Temperature (In °F) # of Adults

Temperature (In °F) # of Adults 96.0-96.4 2 96.5-96.9 4 97.0-97.4 13 97.5-97.9 21 98.0-98.4 38 98.5-98.9 33 99.0-99.4 15 99.5-99.9 100.0-100.4 1 100.5-100.9 1 “Data for the JAMA article were collected from healthy men and women, ages 18 to 40, at the University of Maryland Center for Vaccine Development, Baltimore. Note: The temperature given is their “normal” body temperature. 1. (5 pts) How many adults did Allen Shoemaker sample in his study on “normal” body temperature?

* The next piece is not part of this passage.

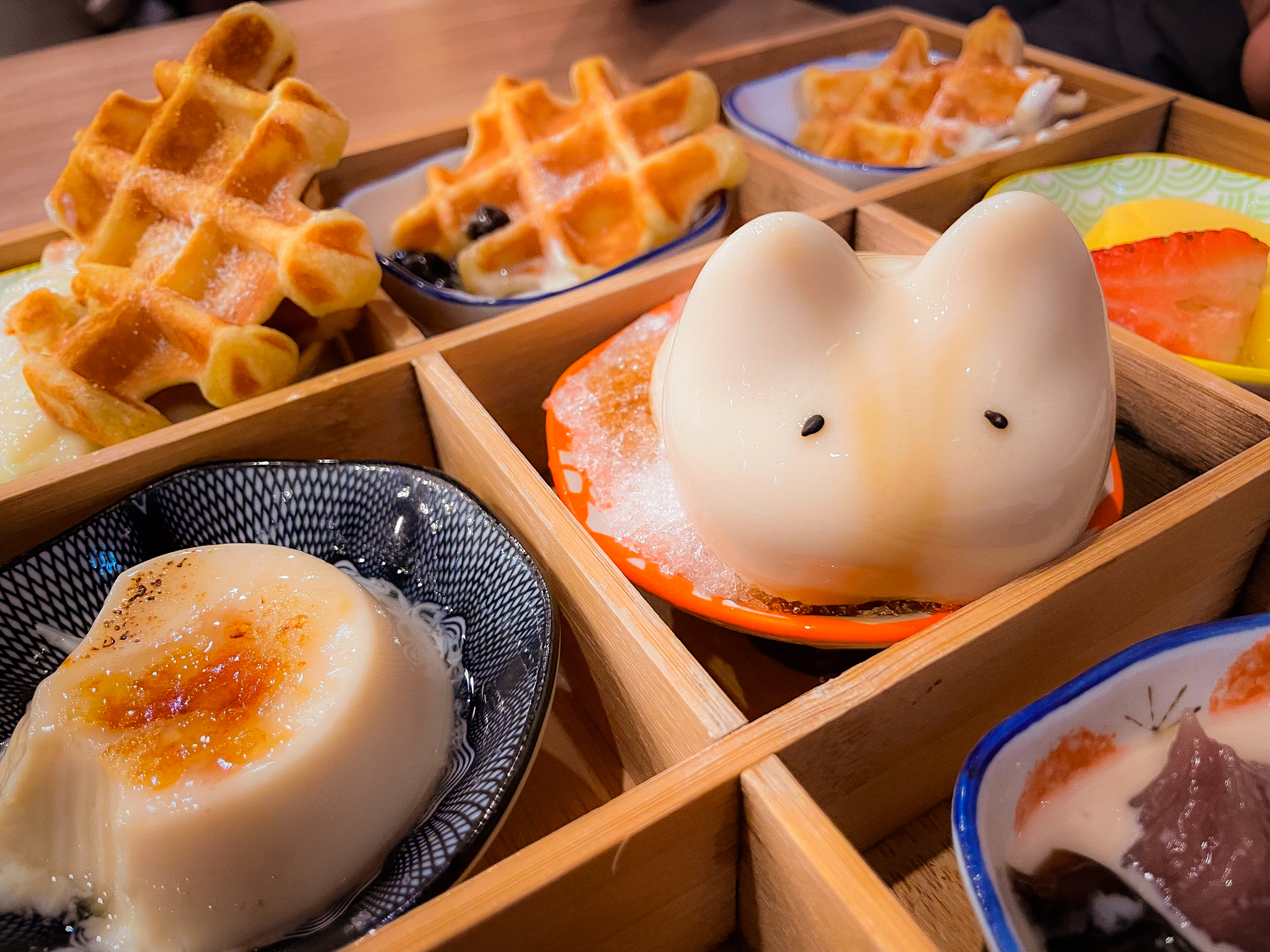Short and sweet story: Blink and you will miss it, that’s how we feel about Blackball’s semi-hidden Chinatown location. But don’t miss it, or you will have major regrets! Blackball has created a dreamy box of Chinese desserts that is absolutely perfect to share with a group of friends. A jiggly soybean cat-shaped pudding shakes up a picturesque assortment of modern and traditional Chinese desserts including croffles, silky tofu pudding, tangy citrus-y bingfen, red bean soup and egg custard pudding.

Note: The sample size from #1 should remain the sample size in your calculator (for all TESTS) for the rest of the lab! 2. (5 pts) Enter the midpoints in Li and the frequencies in La, and use 1-VarStats to calculate the mean of the frequency distribution (see section 3.2 if needed) The sample mean of Shoemaker data: (2 decimal places)

The Correct Answer and Explanation is :

Question 1: Total number of adults sampled

To find how many adults Allen Shoemaker sampled in his study, we need to sum the frequencies provided in the table for each temperature range.

Here are the frequencies listed:

• 96.0–96.4: 2
• 96.5–96.9: 4
• 97.0–97.4: 13
• 97.5–97.9: 21
• 98.0–98.4: 38
• 98.5–98.9: 33
• 99.0–99.4: 15
• 99.5–99.9: 1
• 100.0–100.4: 1
• 100.5–100.9: 1

Now, we sum all these frequencies:
[
2 + 4 + 13 + 21 + 38 + 33 + 15 + 1 + 1 + 1 = 129
]
Thus, 129 adults were sampled in Shoemaker’s study.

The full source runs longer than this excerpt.